Он повернул шарообразную голову на тонкой шее и, увидев меня, радостно и смущенно улыбнулся.
— Да вот, не выдержал. Денег не было, так я ей пояс отдал. Ка-а-а-кая баба! Даже в Марселе таких не было.
Мы пошли бок о бок по набережной. Кузнецов был полон только что пережитым и, волнуясь и захлебываясь, рассказывал о подробностях своего посещения:
— Странная у них жизнь. Комната выходит прямо на улицу, и даже дверей нет, так, висит ветреная занавесочка. На стене портрет — ихний греческий министр с бородавками на морде. Вместо кровати — подушки, все разных цветов…
Мы подошли к большому пассажирскому пароходу, притянутому толстыми, в руку, канатами к пристани.
— Этот пароход, — сказал я, чтобы остановить излияния Кузнецова, — через несколько дней уходит в Батум. Вот бы нам…
Кузнецов остановился. Его лицо потемнело, и круглая голова беспокойно завертелась из стороны в сторону.
— «Сиркасси», — трудом прочел он название парохода. — А попасть на него невозможно — озон какая страна стоит.
В то время пароходы охранялись с необыкновенной тщательностью — безбилетными пассажирами был полон весь Константинополь.
— Интересно, где он останавливается до прихода в Батум?
Наведя справки, я узнал, что «Сиркасси» заходит в Зунгулдак, Самсун и Трапезунд и что до Зунгулдака билет стоит всего три лиры.

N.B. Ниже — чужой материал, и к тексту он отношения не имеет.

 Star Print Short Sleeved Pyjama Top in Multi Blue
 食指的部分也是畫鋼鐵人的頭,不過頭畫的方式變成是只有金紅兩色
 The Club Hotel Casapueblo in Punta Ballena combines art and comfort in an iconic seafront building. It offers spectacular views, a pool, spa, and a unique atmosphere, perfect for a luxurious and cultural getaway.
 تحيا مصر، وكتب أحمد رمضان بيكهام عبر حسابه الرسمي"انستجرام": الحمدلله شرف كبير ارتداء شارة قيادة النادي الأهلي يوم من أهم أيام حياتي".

Вечером, на общем собрании за чаем в столовой общежития, было решено, что если до отплытия «Сиркасси» мы не сможем добиться отправки на казенный счет, купить билеты до Зунгулдака. По дороге спрятаться на пароходе, а если найдут и высадят в Зунгулдаке, то идти пешком — на сто пятьдесят верст короче, чем из Константинополя, а главное, греко-турецкий фронт останется позади.

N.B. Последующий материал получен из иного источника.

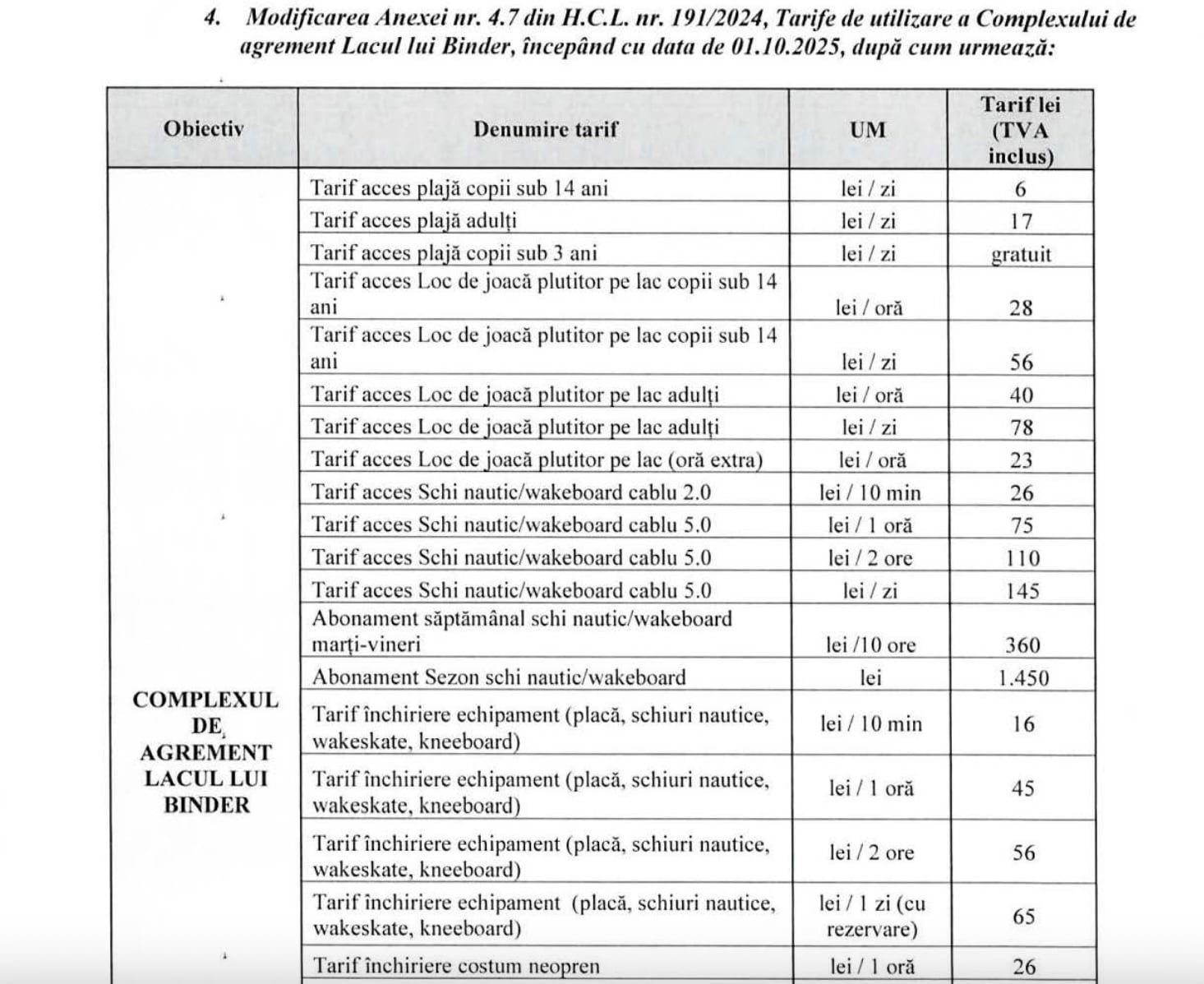 Pentru Lacul lui Binder, tariful de acces la plajă pentru adulți a crescut la 17 lei, de la 15 lei, iar tariful pentru acces la locul de joacă plutitor pe lac pentru copii sub 14 ani a crescut pentru o zi de la 50 la 56 de lei. S-a scumpit și plimbarea cu placa de SUP, de la 25 de lei o oră la 30 de lei.
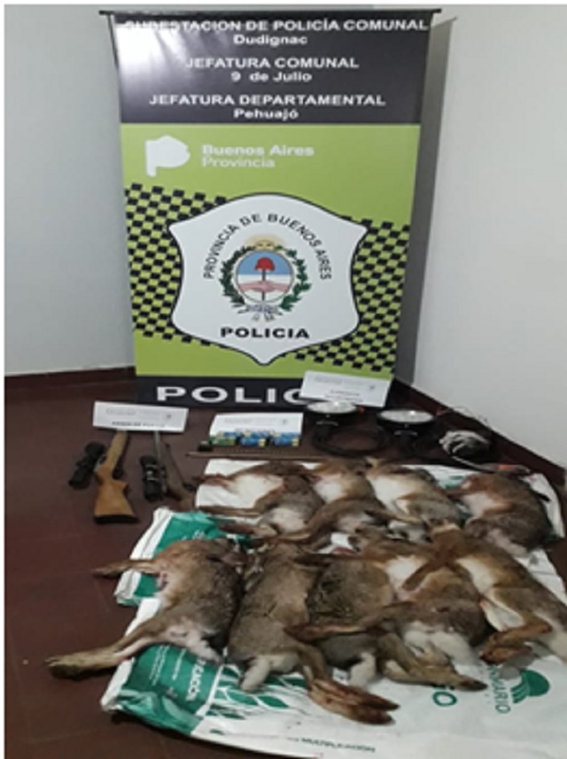 En el día de la fecha en horas de la madrugada la Sub Estación de Policía Dudignac recibe un llamado telefónico dando cuenta que en zona rural de ese medio habría personas armadas casando, se comisiona personal Policial al lugar y constata que efectivamente, personal de ese elemento procede a la aprehensión de tres sujetos quien resultan ser MOREYRA ALEJANDRO, BUSINZKA JONATAN y VALLE DANIEL, todos ellos oriundos de la localidad de Henderson. En su poder llevaban dos carabinas calibre 22 con numeración suprimida, cartuchos calibre 22 y diez liebres. Se instruye IPP caratulada TENENCIA ILEGAL DE ARMA DE FUEGO, ENCUBRIMIENTO DE SUPRESION DE UN OBJETO REGISTRABLE, con injerencia de la UFI Nro. 6 del Departamento Judicial Mercedes. Los tres aprehendidos quedan alojados en esa localidad a los fines de ser trasladados el día05 del corriente mes y año a sede tribunalicia.-
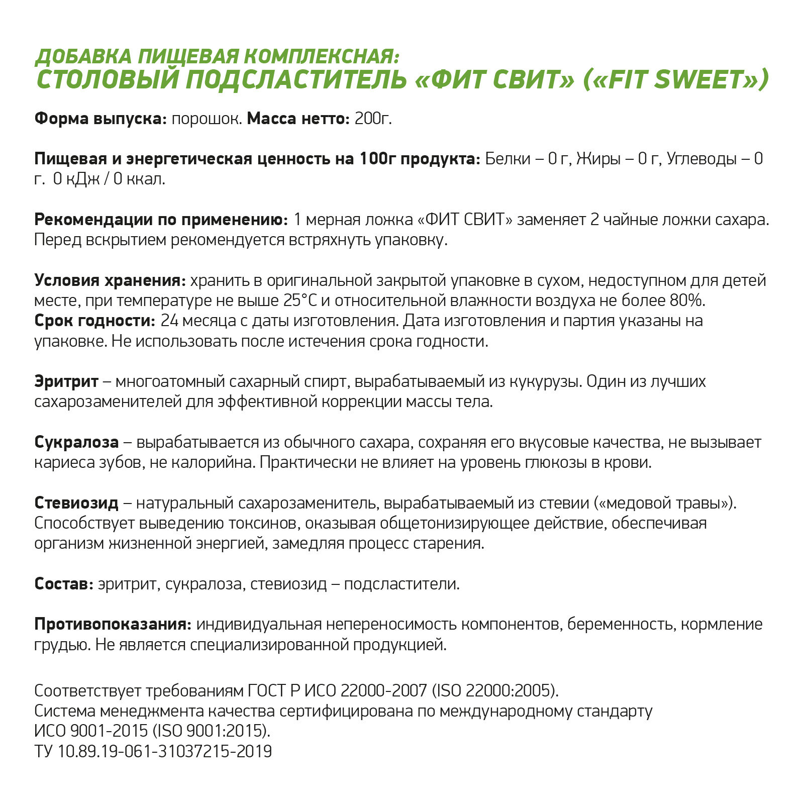 | Дополнительная информация | 1 мерная ложка FIT SWEET (Фит Свит) заменяет 2 чайные ложки сахара. Перед вскрытием встряхните упаковку. Подходит для диабетиков. |
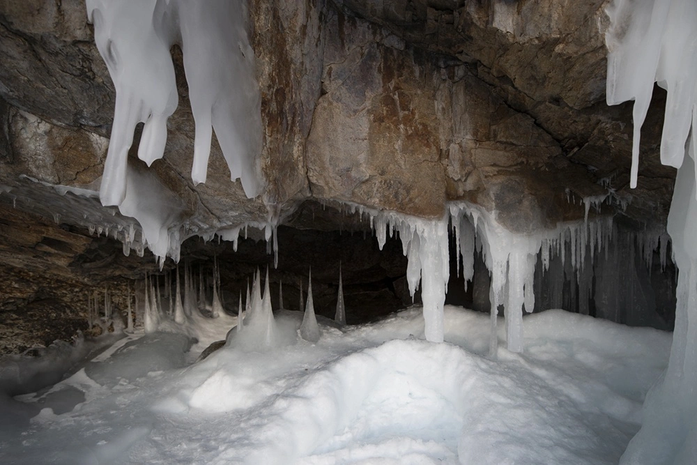 Кунгурская ледяная пещера (Пермский край) Напоминает сложный лабиринт, состоящий из расширенных гротов, соединенных узкими проходами. Каждому из этих пространств присвоено свое название, а самыми большими считаются гроты Великан и Географов.
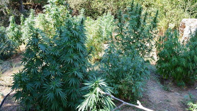 Ειδικότερα, κατόπιν αξιολόγησης και αξιοποίησης στοιχείων, πραγματοποιήθηκε αστυνομική επιχείρηση, κατά τη διάρκεια της οποίας εντοπίστηκαν σε δύο ειδικά διαμορφωμένους και κατάλληλα εκχερσωμένους χώρους, οι οποίοι απείχαν μεταξύ τους μικρή απόσταση, δύο φυτείες κάνναβης, όπου στη μία καλλιεργούνταν 34 δενδρύλλια, ενώ στην άλλη 45, ύψους από 0,5 έως 2,5 μέτρα περίπου, τα οποία τέθηκαν σε διακριτική επιτήρηση.
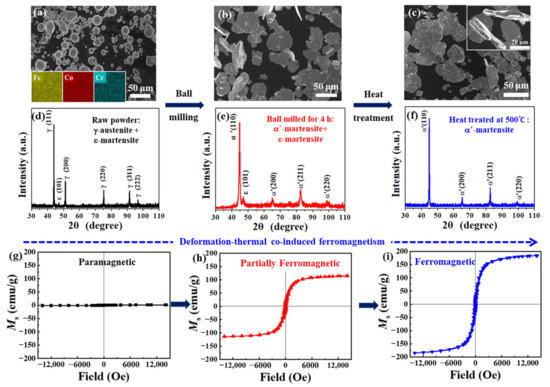 SEM images, XRD spectra and hysteresis loops of (a,d,g) raw FeCoCr powders, (b,e,h) those after ball milling for 4 h, and (c,f,i) subsequent heat treatment at 500 °C. Insets in (a) is the energy dispersive X-ray spectroscopy images for element distribution, while that in (c) is the SEM image for lateral view of FeCoCr powders.
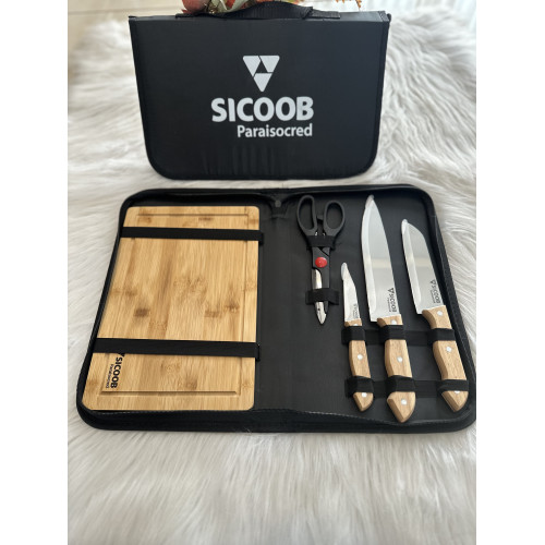Descrição: Kit churrasco 5 peças em estojo de nylon com alça e parte interna com elástico para fixar as peças. Possui tábua de madeira com canaleta, três facas de corte e tesoura.

Перед отъездом, по поручению Ивана Юрьевича, я сделал еще одну попытку устроить нашу поездку, если не в Батум, то хотя бы в Трапезунд — все-таки ближе к Кавказу, чем Зунгулдак. Я отправился в константинопольскую префектуру — единственное учреждение, в дни оккупации остававшееся турецким, — с просьбой, чтобы нас, шестерых русских солдат, отправили на работы в глубину Турции. Швейцар, не говоривший ни на каком другом языке, кроме турецкого, проморозил меня часа два в передней, вернее, узком, насквозь проплеванном коридорчике, где, когда открывались обитые войлоком, обшарпанные двери, поднимался такой ледяной ветер, что я в моем прозрачном костюме. Начинал отбивать зубами чечетку. Наконец меня впустили в полутемное маленькое бюро. За конторкой сидел молодой турок в красной, свежевыглаженной феске. Эта красная феска на фоне темных, давно не крашенных стен, по которым узорами расползалась плесень, горела таким ярким огнем, что я смотрел на нее не отрываясь, как зачарованный.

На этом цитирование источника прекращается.